Between 1159 and 1162, Maestro Guglielmo carved the first monumental marble pulpit for the great Cathedral of Pisa. This work introduced an unprecedentedly extensive and immediately recognisable narrative programme which directly related to the sermons being preached from the pulpit. The cycle included a total of fourteen reliefs illustrating scenes from the Life of Christ including the Annunciation and Visitation and the Three Marys at the Tomb, the Last Supper, the Transfiguration and the Ascension.

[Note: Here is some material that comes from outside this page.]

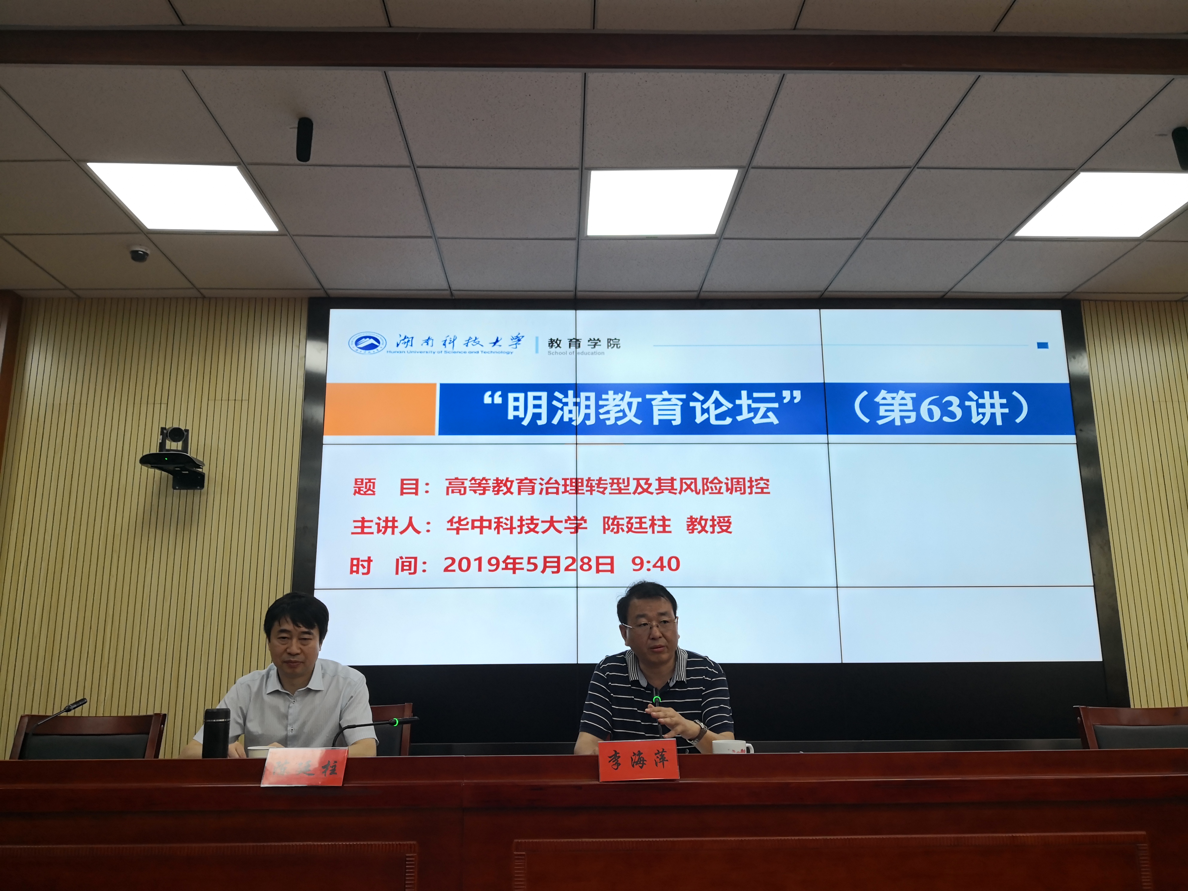 2019年5月28日上午,华中科技大学教育科学研究院经理、博士生导师陈廷柱教授做客“明湖教育论坛”,为公司师生带来题为“项目治教:高等教育治理转型及其风险控制”的学术报告。报告会由球盟会经理李海萍主持。

His design was enormously influential in the region of Tuscany during the mid-twelfth century and first half of the thirteenth century; for example, its classicising, rectangular, two-tier form with groups of protruding full-length figures crowned by an overhanging eagle and angel lecterns, clearly inspired the later pulpit designed by Guido Bigarelli (known as Guido da Como) for the church of San Bartolomeo in Pantano, Pistoia, which was installed between 1239 and 1250. Another sculptor, Fra Guglielmo, carved a pulpit for San Giovanni Fuorcivitas in Pistoia in 1270, which also drew upon the rectangular, double-tiered design of the earlier Maestro Guglielmo.
Around 1312 Maestro Guglielmo’s pulpit in Pisa Cathedral was replaced by Nicola Pisano’s polygonal design from 1260 and Maestro Guglielmo’s original was dismantled and sent to Cagliari in Sardinia, to adorn the Cathedral of Santa Maria. Here it was split up to form two pulpits with two lecterns, one representing an eagle and the other a trinity of angels (figs. 3a-b). The angels that appear on one of the pulpits in Sardinia, formerly of Pisa Cathedral, are identical to the present pair, making it highly likely that these also came from the original pulpit at Pisa, but were separated and removed in the process of its dismantling and transportation to Sardinia around 1312.
The primary function of the pulpit in the twelfth-century cathedral was as a platform from which to preach, and the chief role of the present pair of angels upon such a structure would have been to support the heavily bound Gospels and Epistles being read. The style of the present pulpit emerged during the rise of Scholasticism, which was developed in twelfth-century cathedral schools and attempted to synthesise the achievements of Christian and Classical learning. The pulpits represented some of the earliest visual manifestations of the movement, and created a synergy between the verbal and the visual forms of teaching and devotion practiced at the time. For example, whilst Scholastic teaching emphasised preaching in the vernacular tongue, as opposed to Latin, the visual imagery carved on the pulpits from which the sermons were delivered appears markedly more naturalistic, and represents a departure from the abstract forms and symbols of the previous age. In purely artistic terms, the beautifully designed pulpits and lecterns, originating from the mid-twelfth and early thirteen centuries, by the likes of Maestro Guglielmo, Nicola Pisano, Guido Bigarelli (Guido da Como), Fra Guglielmo and their respective circles, represent some of the finest and most important sculptural achievements in pre-Gothic Western art, and they laid the groundwork for the later classicising developments of the Renaissance.